In case netdev_alloc_skb_ip_align() or dma_map_single() failure
rx fifo entry will not be returned to EMAC.
In case dma_map_single() failure previously allocated skb became
lost to driver. At the same time address of newly allocated skb
will not be provided to EMAC.
Signed-off-by: Alexander Kochetkov <[email protected]>
---
Changes in v2:
- Rebased against stable linux-4.14.y branch
drivers/net/ethernet/arc/emac_main.c | 53 ++++++++++++++++++++--------------
1 file changed, 31 insertions(+), 22 deletions(-)

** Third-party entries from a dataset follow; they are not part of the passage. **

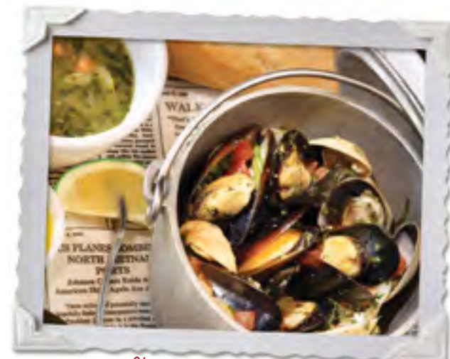
Steamed Clams & Mussels

Captain's Fish & Chips 530 Beer battered Dory. Junior Portion 415
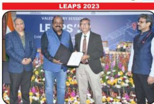
Core Logistics : Maritime Freight Service Provider

winner of the prestigious Logistics Excellence, Advancement, and Performance Shield (LEAPS 2024) Award for the category Core Logistics: Air Freight Service Provider on 3rd January 2025, presented at Bharat Man-
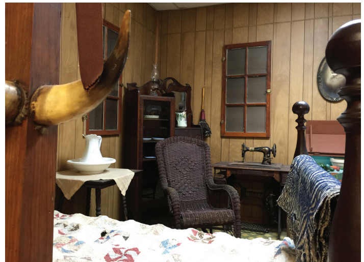
Home furnishings from the 1800s on exhibit in the Old Depot section of the Kaw City Museum
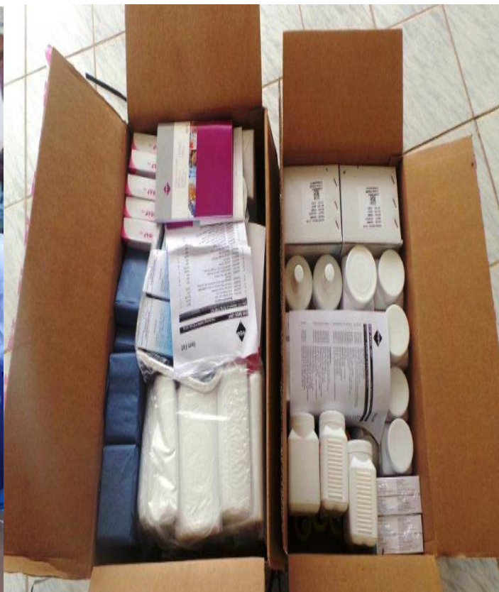
Photo 4. The Donation of Medical Supplies from World Health Organization to the IOM Temporary Clinic in Gaoui.

diff --git a/drivers/net/ethernet/arc/emac_main.c b/drivers/net/ethernet/arc/emac_main.c
index 363d909..bd277b0 100644
--- a/drivers/net/ethernet/arc/emac_main.c
+++ b/drivers/net/ethernet/arc/emac_main.c
@@ -212,39 +212,48 @@ static int arc_emac_rx(struct net_device *ndev, int budget)
continue;
}
- pktlen = info & LEN_MASK;
- stats->rx_packets++;
- stats->rx_bytes += pktlen;
- skb = rx_buff->skb;
- skb_put(skb, pktlen);
- skb->dev = ndev;
- skb->protocol = eth_type_trans(skb, ndev);
-
- dma_unmap_single(&ndev->dev, dma_unmap_addr(rx_buff, addr),
- dma_unmap_len(rx_buff, len), DMA_FROM_DEVICE);
-
- /* Prepare the BD for next cycle */
- rx_buff->skb = netdev_alloc_skb_ip_align(ndev,
- EMAC_BUFFER_SIZE);
- if (unlikely(!rx_buff->skb)) {
+ /* Prepare the BD for next cycle. netif_receive_skb()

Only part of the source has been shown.